> Task to carry out
Images are not part of the copy; write out the rest of the data exactly as given.

> Extracted entries
_ _ _ _ _ _ _

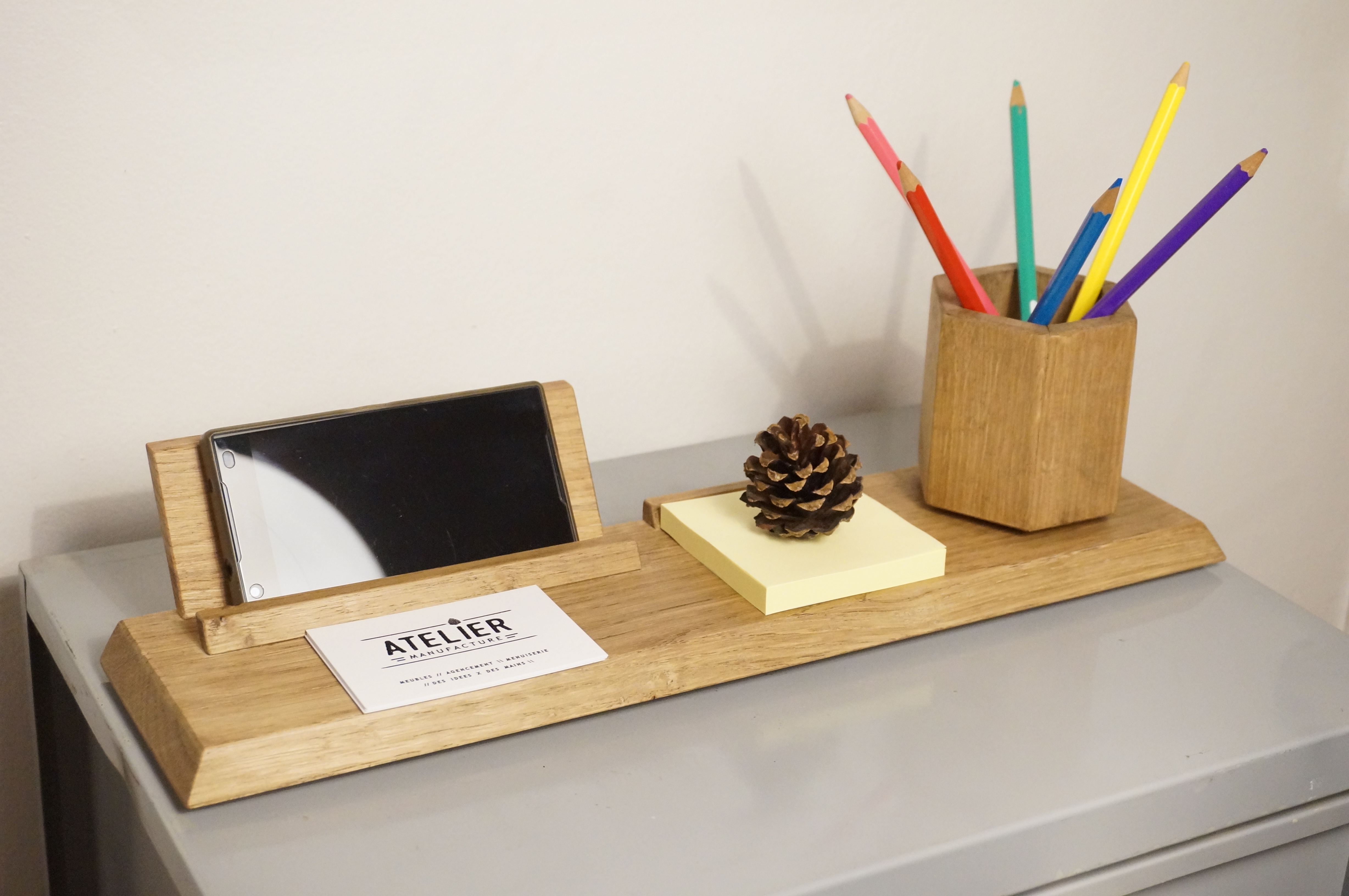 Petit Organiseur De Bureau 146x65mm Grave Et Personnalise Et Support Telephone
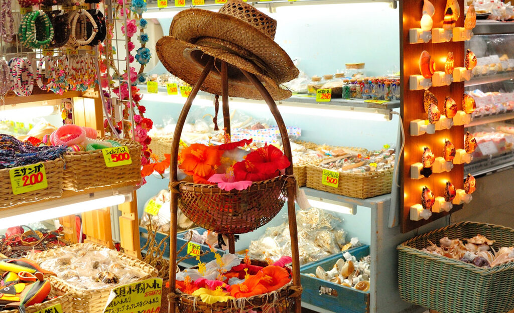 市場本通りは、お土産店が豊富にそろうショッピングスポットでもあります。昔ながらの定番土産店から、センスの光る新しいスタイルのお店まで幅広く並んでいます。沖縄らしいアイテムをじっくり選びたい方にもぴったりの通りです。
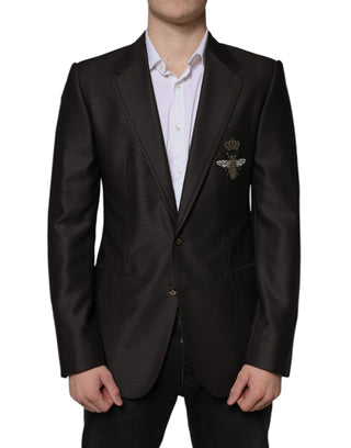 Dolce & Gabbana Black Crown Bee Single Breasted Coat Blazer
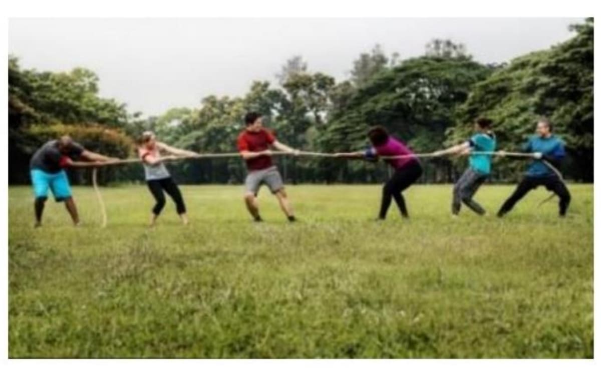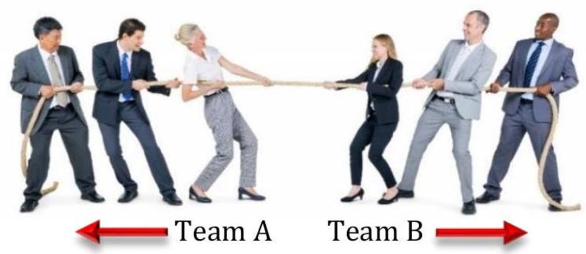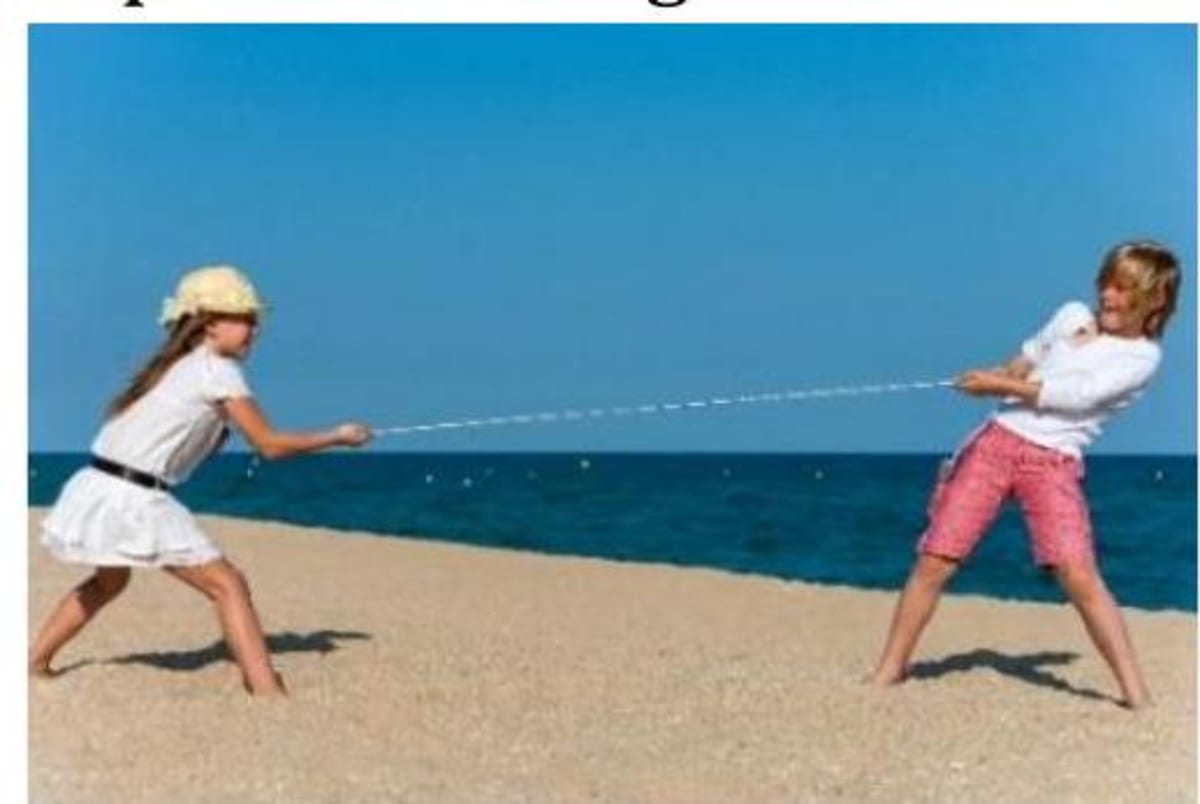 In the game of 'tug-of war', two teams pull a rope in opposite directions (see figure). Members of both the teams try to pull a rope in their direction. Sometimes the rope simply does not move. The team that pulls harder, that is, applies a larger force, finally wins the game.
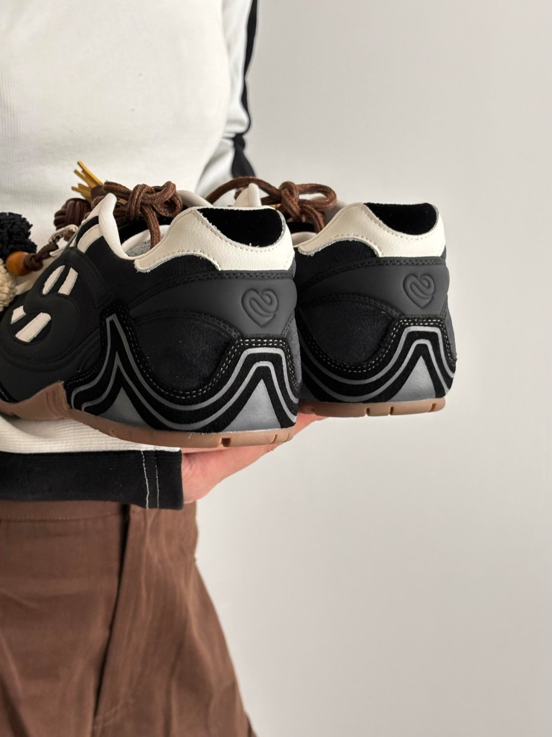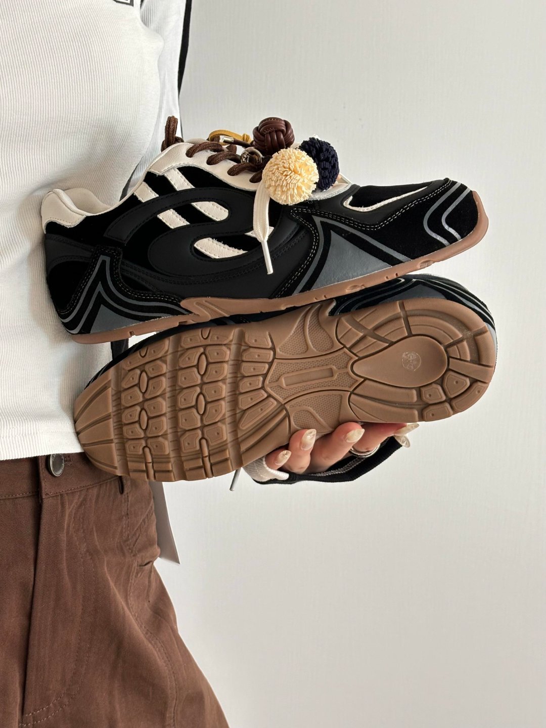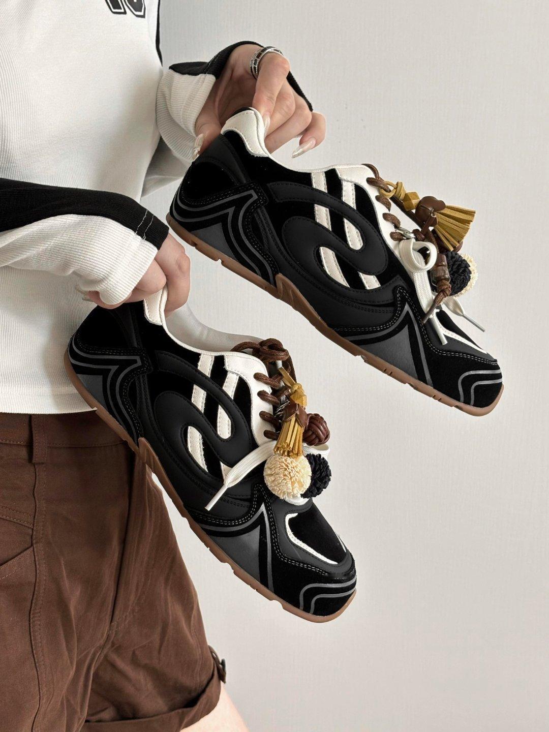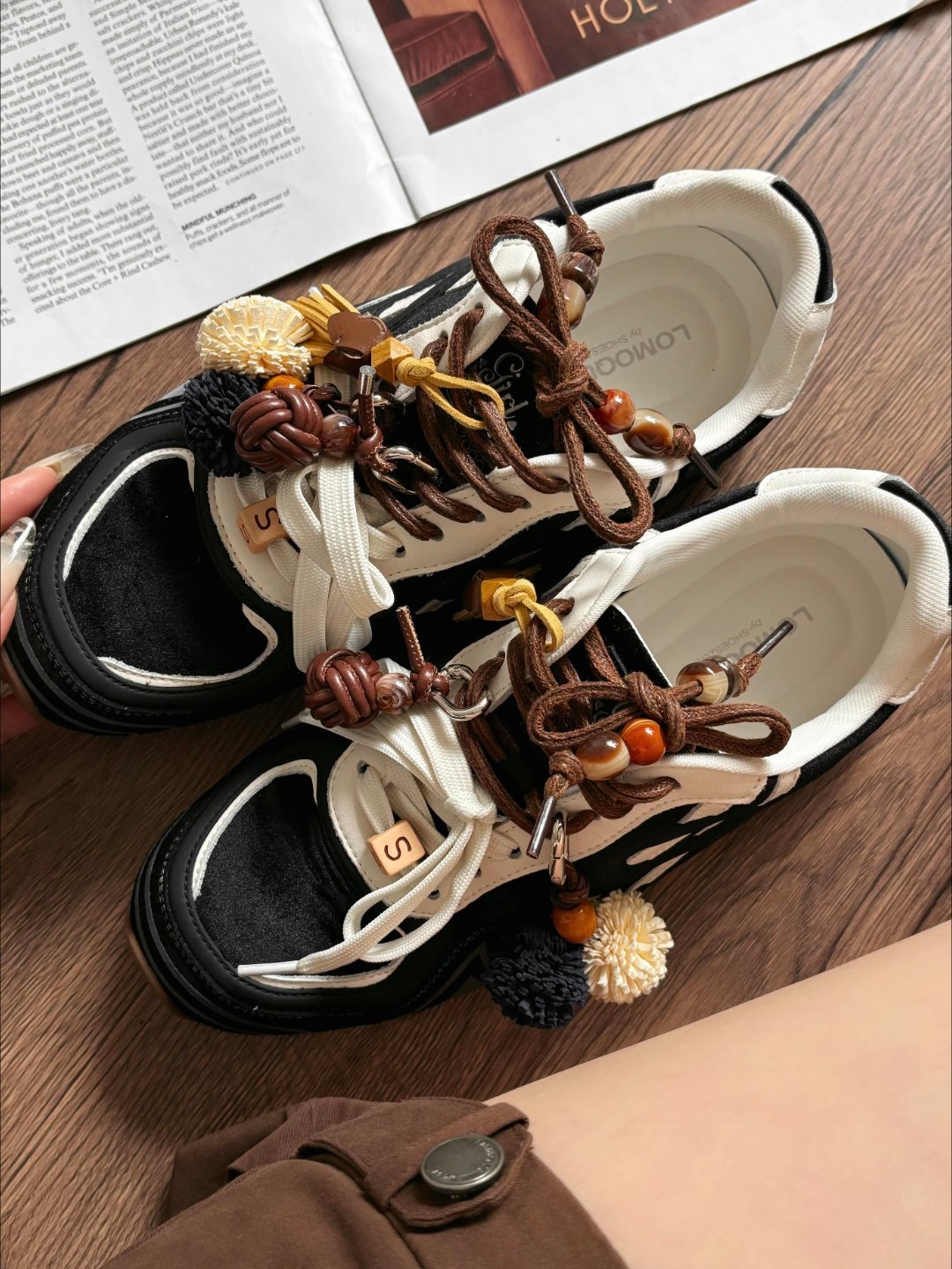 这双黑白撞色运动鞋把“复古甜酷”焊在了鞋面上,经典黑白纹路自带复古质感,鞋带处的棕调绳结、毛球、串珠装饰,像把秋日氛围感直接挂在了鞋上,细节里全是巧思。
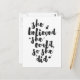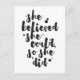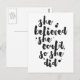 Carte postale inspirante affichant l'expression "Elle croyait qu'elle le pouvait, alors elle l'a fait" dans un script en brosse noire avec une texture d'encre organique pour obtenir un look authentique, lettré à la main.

_ _ _ _ _ _ _

> Task output
 Petit Organiseur De Bureau 146x65mm Grave Et Personnalise Et Support Telephone
 市場本通りは、お土産店が豊富にそろうショッピングスポットでもあります。昔ながらの定番土産店から、センスの光る新しいスタイルのお店まで幅広く並んでいます。沖縄らしいアイテムをじっくり選びたい方にもぴったりの通りです。
 Dolce & Gabbana Black Crown Bee Single Breasted Coat Blazer
 In the game of 'tug-of war', two teams pull a rope in opposite directions (see figure). Members of both the teams try to pull a rope in their direction. Sometimes the rope simply does not move. The team that pulls harder, that is, applies a larger force, finally wins the game.
 这双黑白撞色运动鞋把“复古甜酷”焊在了鞋面上,经典黑白纹路自带复古质感,鞋带处的棕调绳结、毛球、串珠装饰,像把秋日氛围感直接挂在了鞋上,细节里全是巧思。
 Carte postale inspirante affichant l'expression "Elle croyait qu'elle le pouvait, alors elle l'a fait" dans un script en brosse noire avec une texture d'encre organique pour obtenir un look authentique, lettré à la main.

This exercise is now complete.